Between 1 January 2009 and 31 December 2022, we isolated 31 H4 AIVs sporadically from nine regions in southern provinces in mainland China, with subtypes involving 14 H4N2, 13 H4N6, 2 H4N8, 1 H4N3, and 1 H4 mixed strain (Figure 1a, Table S1). Furthermore, two to six strains were isolated each year, except from 2010 to 2013 and 2022 when no strains were isolated. The most common subtypes, H4N2 and H4N6, were detected in seven years. The samples of these H4 viruses were from various sites, including twenty-one in live poultry markets, two in poultry farms, one in poultry processing companies, and seven in unknown sites (Table S1). The samples involved different types, including three of feces, three of drinking water, two of surface swabs of cages, two of sewage and twenty-one of others (Table S1). Since all samples were obtained from the environments, they could not be linked to a specific host.
In the public database, H4 AIVs from poultry were transiently reported in 1999 and 2000, followed by an absence of H4 AIV reports between 2001 and 2005 (Figure 1b). Since 2006, there has been an increasing trend in the detection of H4 AIVs in poultry. Especially during 2009–2015, there was a substantial number of sequences, accounting for 62.1% (172/277). In 2016, the number of sequences sharply declined, and no sequence was reported thereafter. In wild birds, after detections in 1976 and 1978, there was a gap in H4 AIV detection until 1998 (Figure 1c). Then, H4 viruses were intermittently detected in wild birds with a small number of and occasional interruptions in several years.
Despite discrepancies in the time intervals between our surveillance and public data, H4N2 and H4N6 were the main subtypes in poultry and poultry-related environments. H4N3, H4N8, and H4N9 were also detected. That was different among wild birds, where the H4N6 subtype was dominant, followed by H4N8, H4N2, and H4N7. Furthermore, one H4N1 AIV with unclear host information could not be classified as poultry or wild birds. H4N4 and H4N5 subtypes were not detected in birds in China. (Figure 1). Geographically, H4 AIVs from wild birds were scattered in 11 regions across China (Figure 1c), while H4 AIVs from poultry were concentrated in the southern provinces and two adjacent northern provinces (Shandong and Henan provinces) (Figure 1b).
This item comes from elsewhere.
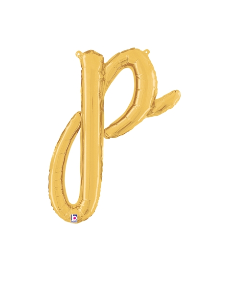 14in Betallic Air-Filled Gold Script Letter p Balloon

3.2. Phylogenetic Analysis of HA Gene

To clarify the evolution of the HA gene of H4 AIVs in China, we performed a phylogenetic analysis using sequences from this study and reference sequences in public databases (GISAID and NCBI). Consistent with the previous study, the maximum likelihood tree of the HA gene was divided into the Eurasian lineage and the North American lineage (Figure 2 and Figure S1) [17]. Based on the topology of the tree and geographic distributions, the Eurasian lineage could be further classified into four sublineages: Eurasian-1, Eurasian-2, Oceania–East Asian, and Oceania, respectively. Except for one early HA gene in the North American lineage, all H4 AIV’s HA sequences in China belonged to the Eurasian lineage, with the majority in Eurasian-1 and Eurasian-2 sublineages. The Eurasian-1 sublineage could be further divided into clades 1.1, 1.2, and 1.3. The Eurasian-2 sublineage could be further divided into clades 2.1 and 2.2. These clades contained almost all H4 AIVs in China, among which clade 2.2 contained the majority of recent viruses.
In each clade, the H4 AIVs could be found throughout the Eurasian continent, with East Asia, including China, being the most active region. The viruses, isolated from poultry, poultry-related environments, wild birds and wild birds-related environments, were interlaced in a phylogenetic tree (Figure 2). Each lineage, sublineage, or clade had various NA combinations, with the H4N6 subtype being dominant.
The H4 AIVs from our surveillance of poultry-related environments were scattered in clades 1.2, 2.1, and 2.2 (Figure 2). These viruses were closely related to the H4 AIVs of poultry or wild birds from South Korea, Japan, Mongolia, and Vietnam, as well as to Chinese AIVs from other studies. Some small clusters of H4 AIVs in China were formed but did not maintain for a long time. For example, a cluster contained viruses that were identified in poultry, poultry-related environments, and even swine between 2009 and 2012 (Figure 2). Another cluster containing viruses from poultry, poultry-related environments, and wild birds circulated between 2009 and 2015 (Figure 2). There was one duck virus from Taiwan province located in the North American lineage, which grouped at a small branch with viruses from Japan and South Korea (Figure 2).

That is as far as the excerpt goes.